Originally Posted by vlodge

What is the antiderivative of (ln n)^2/n^2? Any help would be greatly appreciated. Thanks.

You need to use integration by parts.

I.e. $\int{u\,dv} = u\,v - \int{v\,du}$ .

Let $u = (\ln{n})^2$ so that $du = \frac{2\ln{n}}{n}$ .

Let $dv = \frac{1}{n^2}$ so $v = -\frac{1}{n}$ .

Therefore $\int{\frac{(\ln{n})^2}{n^2}\,dn} = -\frac{(\ln{n})^2}{n} - \int{-\frac{2\ln{n}}{n^2}\,dn}$

$= -\frac{(\ln{n})^2}{n} +2 \int{\frac{\ln{n}}{n^2}\,dn}$ .

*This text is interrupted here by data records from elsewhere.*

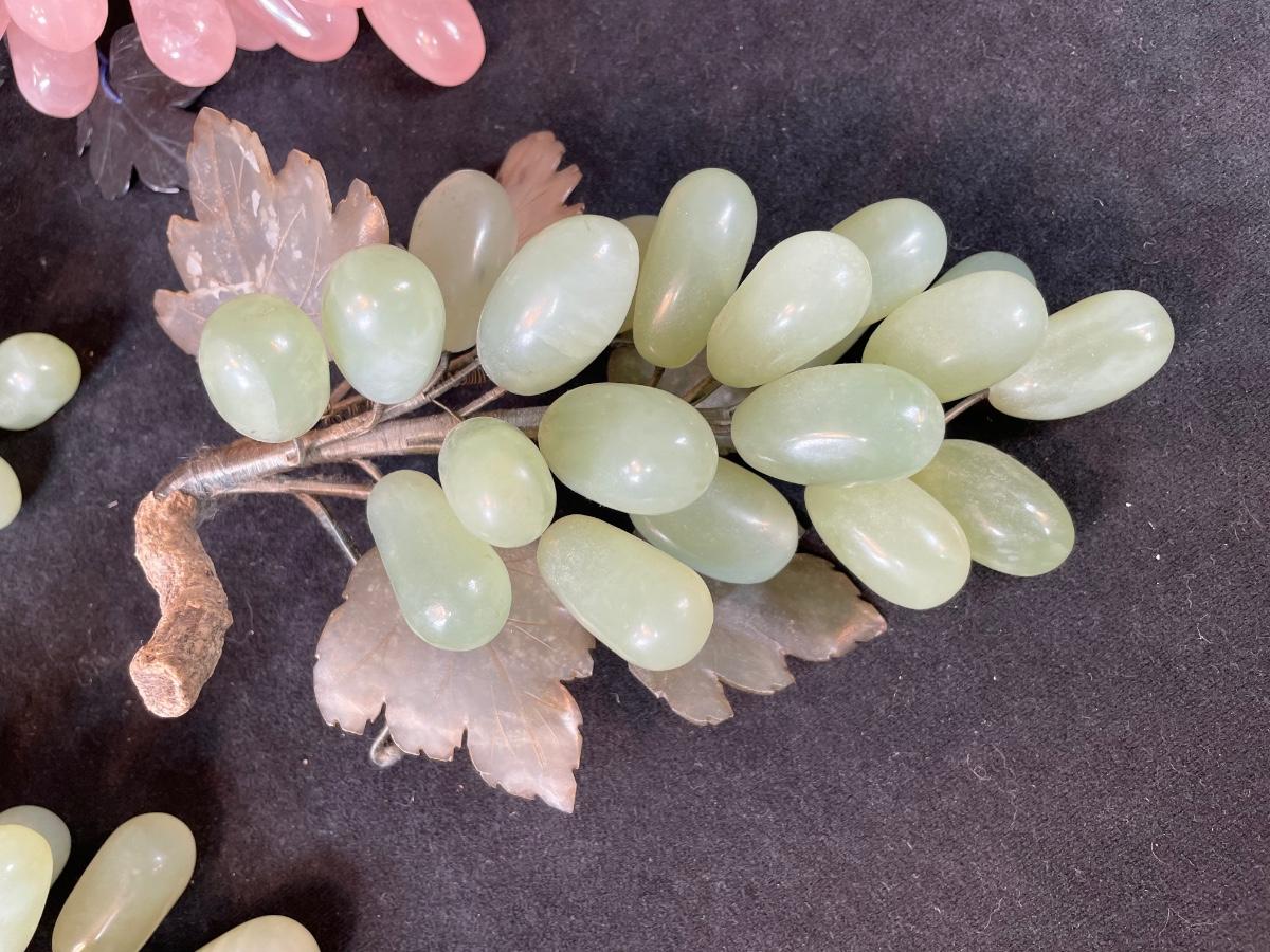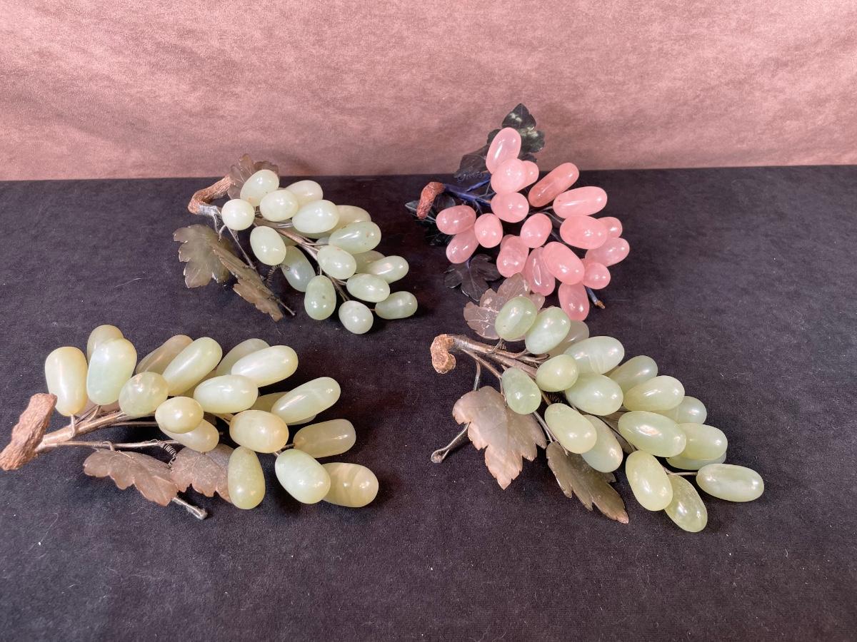 Four bunches of grapes made of carved alabaster with jade leaves. High quality and in perfect condition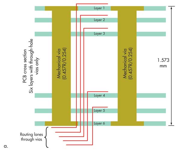 4.此示例顯示了一個布局/平面圖,這將使布線更加困難且成本更高,因為它需要更多的物理位置用于信號走線。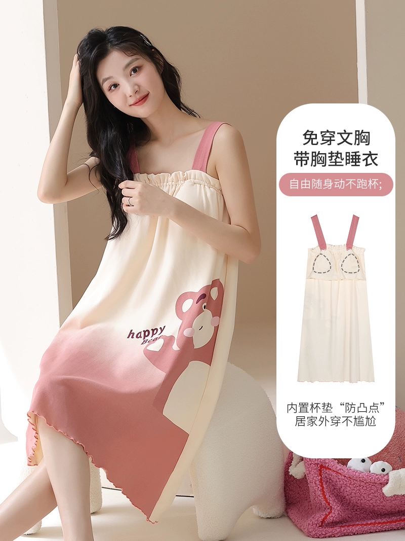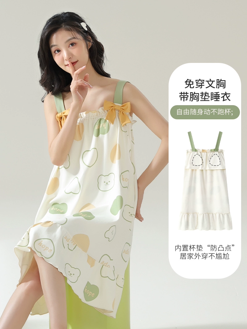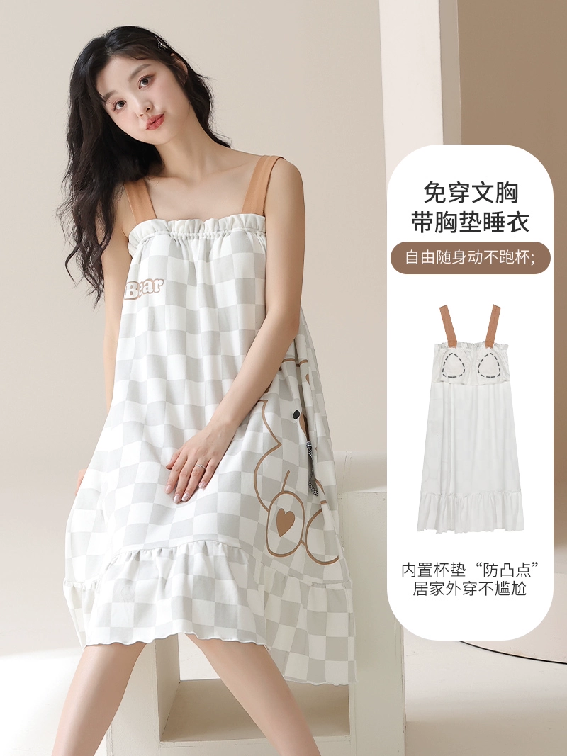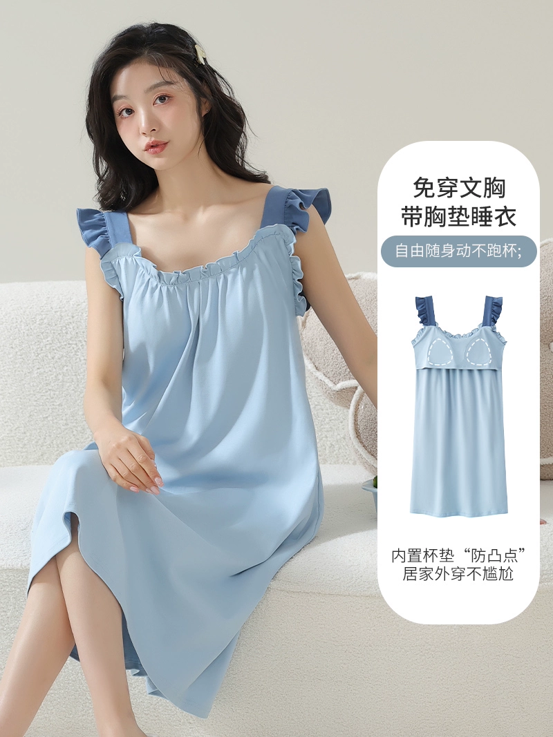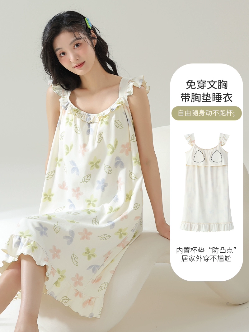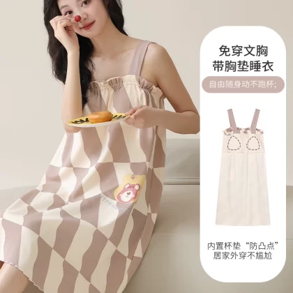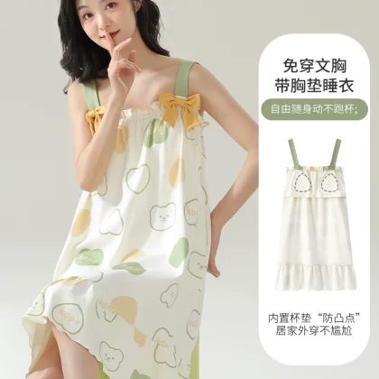 Anjiren Summer Cotton Vest Princess Style Nightgown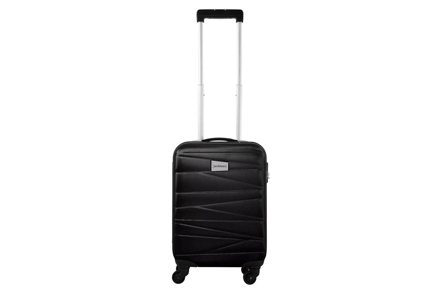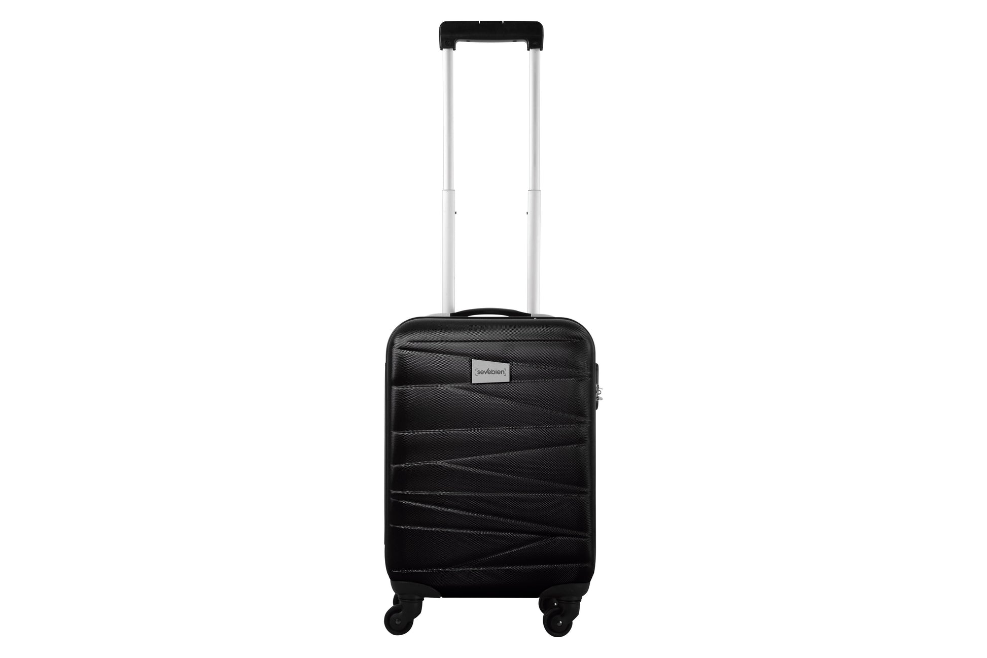 34 x 54 x 20 cm. (total). capacidad 31 litros. abs. valija / maleta pequeña. 4 ruedas con giro 360°. manija de transporte reforzada. mango extensible hasta 54 cm. 2 posiciones. interior: 2 compartimentos principales con cierre y elásticos ajustables. placa metálica desmontable para grabado (medida: 6 x 4 cm.) candado incluido con combinación.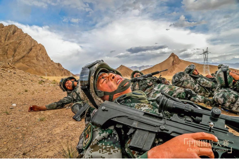 2018年8月7日,西藏阿里军分区某部官兵在海拔5000多米的陌生地域进行武装越野跑,冲过终点后累倒在地。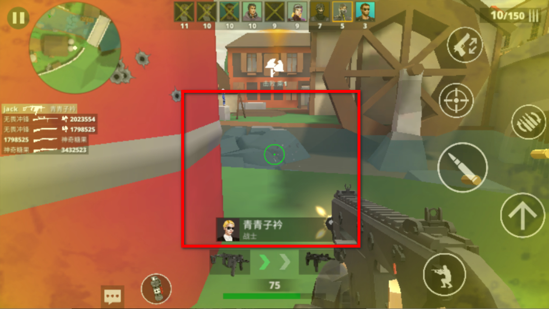 3、瞄準(zhǔn)敵方角色開火,擊敗敵人可獲得積分,同時注意自身血量,利用掩體躲避攻擊,提升生存與戰(zhàn)斗能力。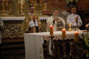 Mszy św. przewodniczył Wikariusz Generalny, ks. Bogusław Burgat, natomiast homilię wygłosił ks. Wojciech Brzoski duszpasterz akademicki parafii św. Rocha. Natomiast nasza wspólnota zadbała o oprawę liturgiczno-muzyczną Eucharystii.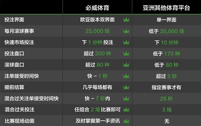 每月Betway必威有平均25,000现场滚球投注,任何一个亚洲体育平台都无法匹敌的。

Now you'll need to use integration by parts again.

Let $u = \ln{n}$ so that $du = \frac{1}{n}$ .

Let $dv = \frac{1}{n^2}$ so that $v = -\frac{1}{n}$ .

So $\int{\frac{(\ln{n})^2}{n^2}\,dn} = -\frac{(\ln{n})^2}{n} +2 \int{\frac{\ln{n}}{n^2}\,dn}$

$= -\frac{(\ln{n})^2}{n} + 2\left(-\frac{\ln{n}}{n} - \int{-\frac{1}{n^2}\,dn}\right)$

$= -\frac{(\ln{n})^2}{n} - \frac{2\ln{n}}{n} + 2\int{\frac{1}{n^2}\,dn}$

$= -\frac{(\ln{n})^2}{n} - \frac{2\ln{n}}{n} - \frac{2}{n} + C$